I’ve told my girlfriend I struggle with depression.
I’ve told my family.
Pretty sure all my friends know if they didn’t already know before this blog.
I even told my co-workers I fight it everyday, including my bosses.
…Guess what. They all get it. They’ve been fine. They’ve treated me just fine. Just as it was.
Why did it take me 23 years to get to this point. To be able to freely talk about….
It would be so much easier if we could just all understand this monster, and we could all just talk about, help each other understand it, whether we have depression or not. Not everyone is affected by this. I have never had cancer, so I can’t understand the pain and experience that Amanda went through, nor will I ever try. But, I do understand what “cancer” is, and I will listen, comprehend and be there for her as best I possibly can. Likewise, I don’t expect her to completely understand what I am going through, because she maybe hasn’t experienced it. But, I certainly expect her to treat me the same as she did, regardless of how I feel. And, I want her and everyone to just be knowledgeable about mental health, help yourself understand.
And, thats what everyone else in this world needs to do. Because, truth be told. We live in a real shitty world right now. We do. And, it isn’t right. There are so many people, so many resources that there is no excuse for this. There just isn’t.
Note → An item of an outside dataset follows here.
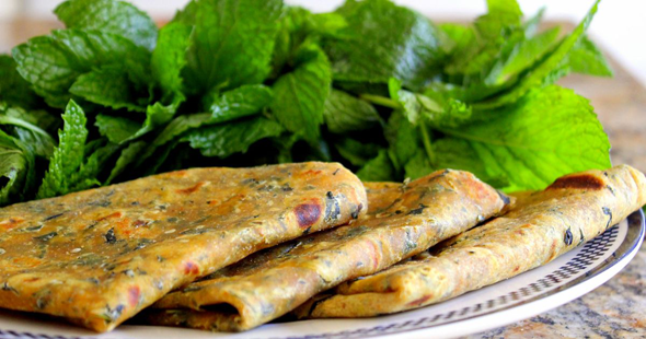 These days there are many varieties of ready-made paranthas available in the frozen foods section of grocery stores made by many well-known brands which have seen the huge market potential. Though these are wonderful conveniences, with a few exceptions (the more expensive cauliflower or mixed vegetable ones), the frozen variety use the stuffing – like ajwain (carom seed) or methi (fenugreek) – so sparingly that you may only get a slight hint of the taste, if at all! An ingredient that is seldom used in Punjabi paranthas (but available in the frozen variety) is pudina (mint), which is most often used to make the popular mint chutney (spicy dipping sauce), a condiment for dipping savory appetizers like pakoras fried vegetable fritters), samosas (fried stuffed dumplings), tikkas (pan roasted potato patties) and other spicy snacks.

The solution is simple, we need to talk, we need to be knowledgeable, we need to help each other understand. How we do this. Its up to us.
So please. Start now. Start tonight.
If you read this, and you struggle with mental illness. I want you to tell 1 person that you are in this war. 1 person. I don’t care who it is. Hell, tell me even! I don’t care. Tell your sibling, parent, friend, co worker, or a complete fucking stranger. Tell someone. and, I tell ya what. I can almost guarantee you that they will be fine with it. There will be no jumbo shock reaction. LYKE OMG U WHAT! No. If they are grown up, civilized individual and in this society with the rest of us. They’ll be fine. And, let me tell you. You will feel so much better.
Since I started this blog… 3 days ago? I have had 2 good days… In a row. Thats been rare lately. And, I’ve had no real reason to have these good days. I was up early for work, and home late. Both days. Usually good days are accompanied by friends, family or something. But, nope. Home alone, just me and work. But, its simply because I am telling people. 200 people have read this blog. 200 people know I struggle with depression. And, thats what I want. The more, the better.
So, Please. Lets talk. Now.
This is how we are going to make this place better.
-Thank you all again so much for the support. It truly means the world to me!
Have a great long weekend, and I will likely chat with you again on Tuesday!
Be safe. And, remember. Tell someone. 1 person. Please.